What should be copied is the stretch of entries below from the line with "State of the" up to and including the line with "Sonntag, 15.00 Uhr: TUS", exactly and without images.

▶ **Data extract**:
-=-=-

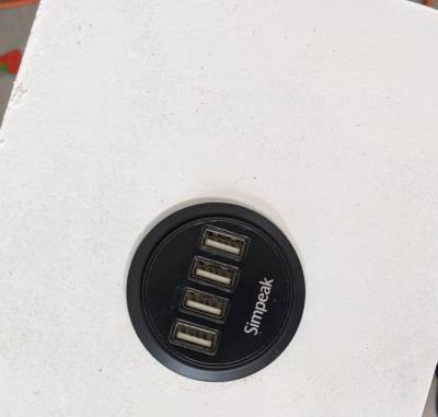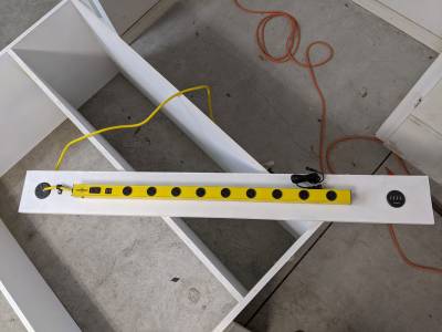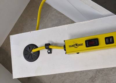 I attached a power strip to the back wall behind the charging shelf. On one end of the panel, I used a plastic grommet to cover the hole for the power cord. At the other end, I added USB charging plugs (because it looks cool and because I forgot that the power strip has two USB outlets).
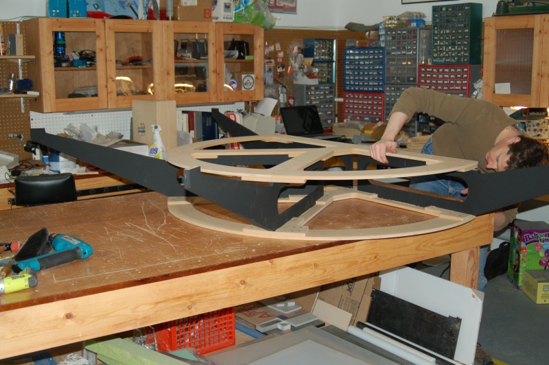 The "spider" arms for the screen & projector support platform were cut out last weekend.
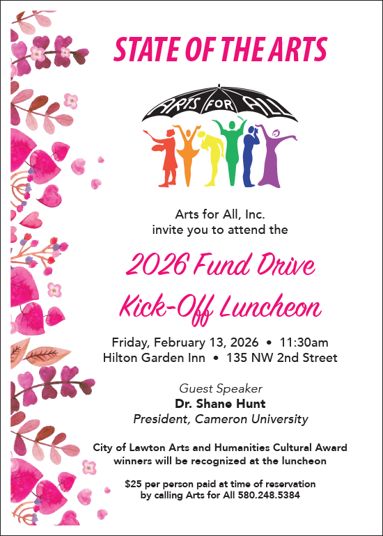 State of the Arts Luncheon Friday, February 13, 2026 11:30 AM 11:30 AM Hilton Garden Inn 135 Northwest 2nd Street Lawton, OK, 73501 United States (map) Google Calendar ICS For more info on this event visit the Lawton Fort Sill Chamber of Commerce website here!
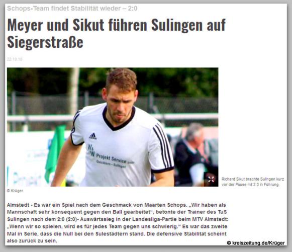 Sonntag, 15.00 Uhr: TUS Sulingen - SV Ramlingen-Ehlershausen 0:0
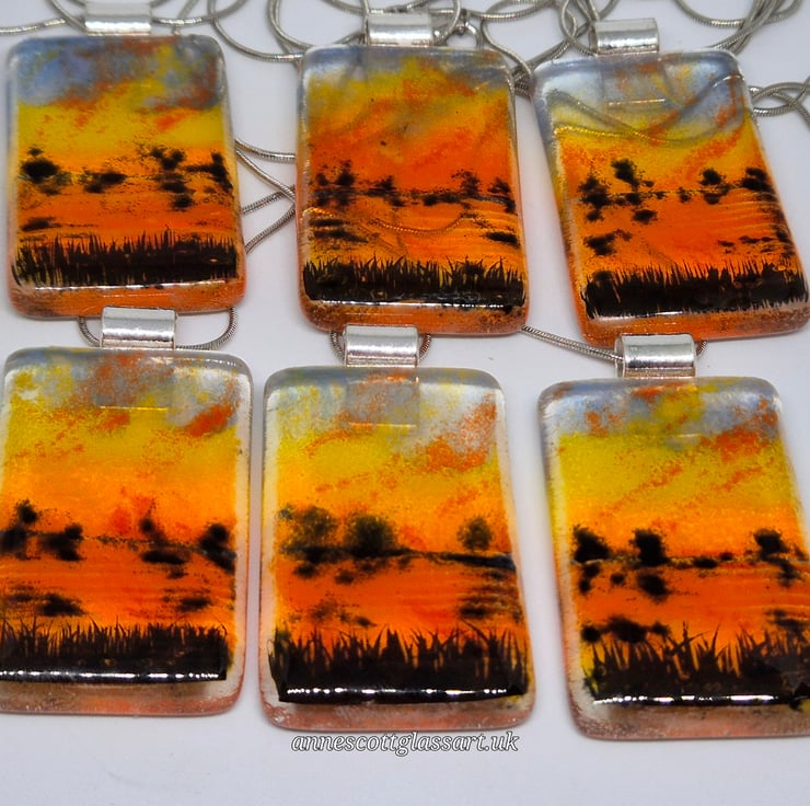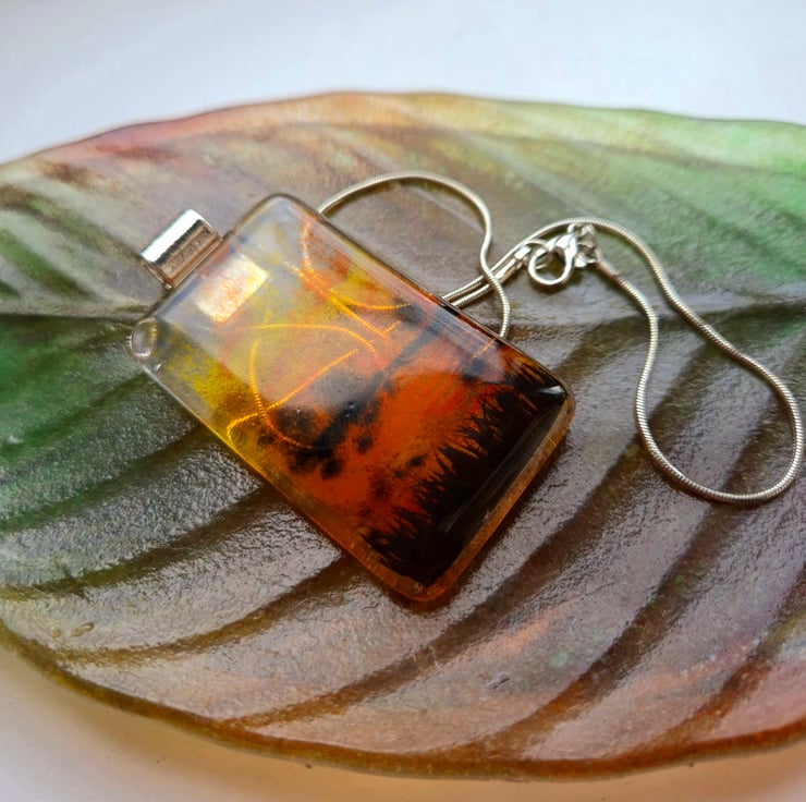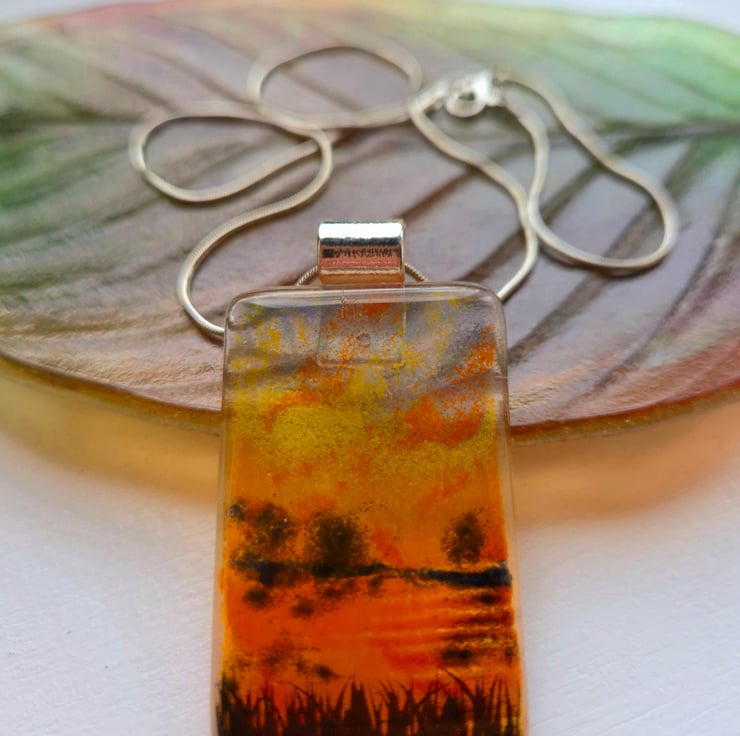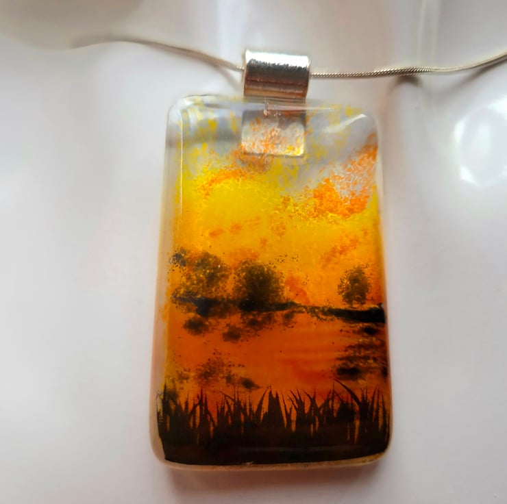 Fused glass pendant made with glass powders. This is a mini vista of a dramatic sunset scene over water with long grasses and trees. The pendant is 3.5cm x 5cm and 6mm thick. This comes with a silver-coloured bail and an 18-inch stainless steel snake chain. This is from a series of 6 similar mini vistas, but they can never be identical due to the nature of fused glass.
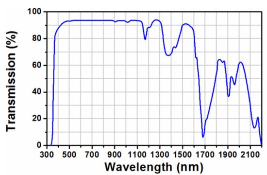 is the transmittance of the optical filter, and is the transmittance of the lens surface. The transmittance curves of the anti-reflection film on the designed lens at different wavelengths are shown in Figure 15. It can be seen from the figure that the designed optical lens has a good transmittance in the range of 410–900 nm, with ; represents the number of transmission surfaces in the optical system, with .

-=-=-

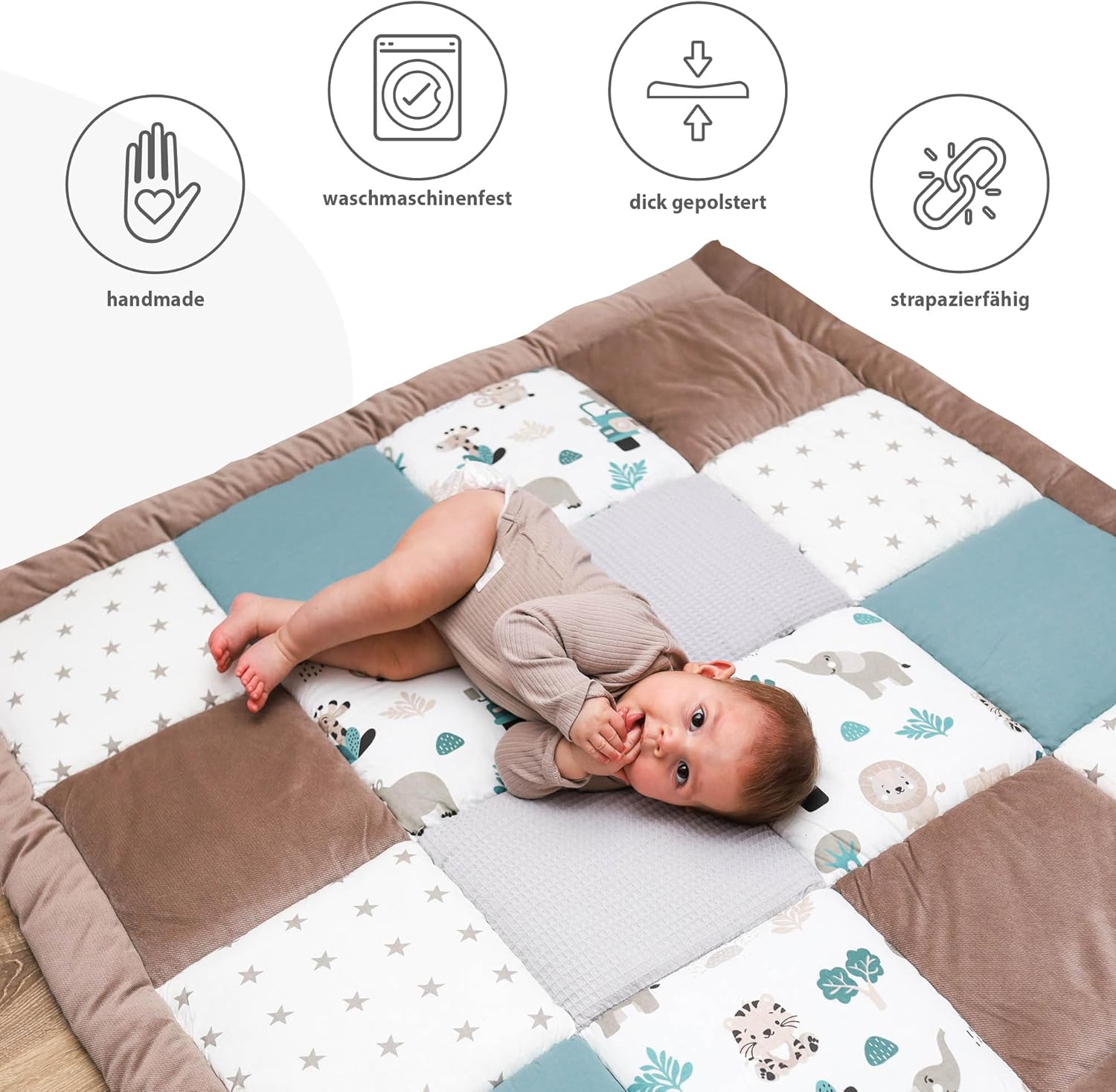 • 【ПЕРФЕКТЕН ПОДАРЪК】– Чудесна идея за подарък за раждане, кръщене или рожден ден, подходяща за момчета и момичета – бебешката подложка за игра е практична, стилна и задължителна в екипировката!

-=-=-

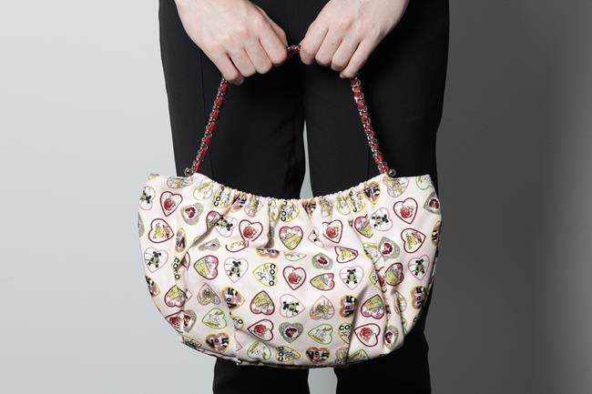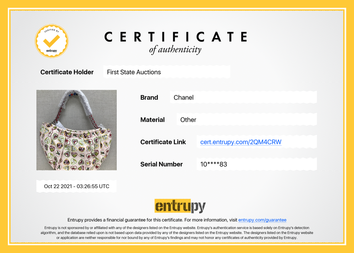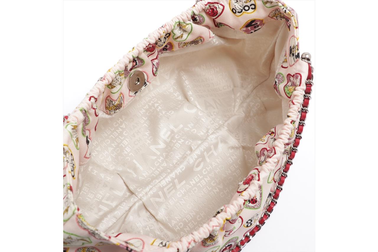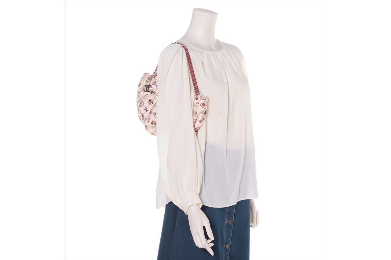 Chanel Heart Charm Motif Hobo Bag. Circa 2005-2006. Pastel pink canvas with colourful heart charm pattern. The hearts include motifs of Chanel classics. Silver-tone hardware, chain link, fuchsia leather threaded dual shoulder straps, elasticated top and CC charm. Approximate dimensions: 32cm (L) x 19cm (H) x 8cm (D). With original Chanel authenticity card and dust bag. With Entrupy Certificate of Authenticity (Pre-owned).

-=-=-

▶ **Exercise output**:
 State of the Arts Luncheon Friday, February 13, 2026 11:30 AM 11:30 AM Hilton Garden Inn 135 Northwest 2nd Street Lawton, OK, 73501 United States (map) Google Calendar ICS For more info on this event visit the Lawton Fort Sill Chamber of Commerce website here!
 Sonntag, 15.00 Uhr: TUS Sulingen - SV Ramlingen-Ehlershausen 0:0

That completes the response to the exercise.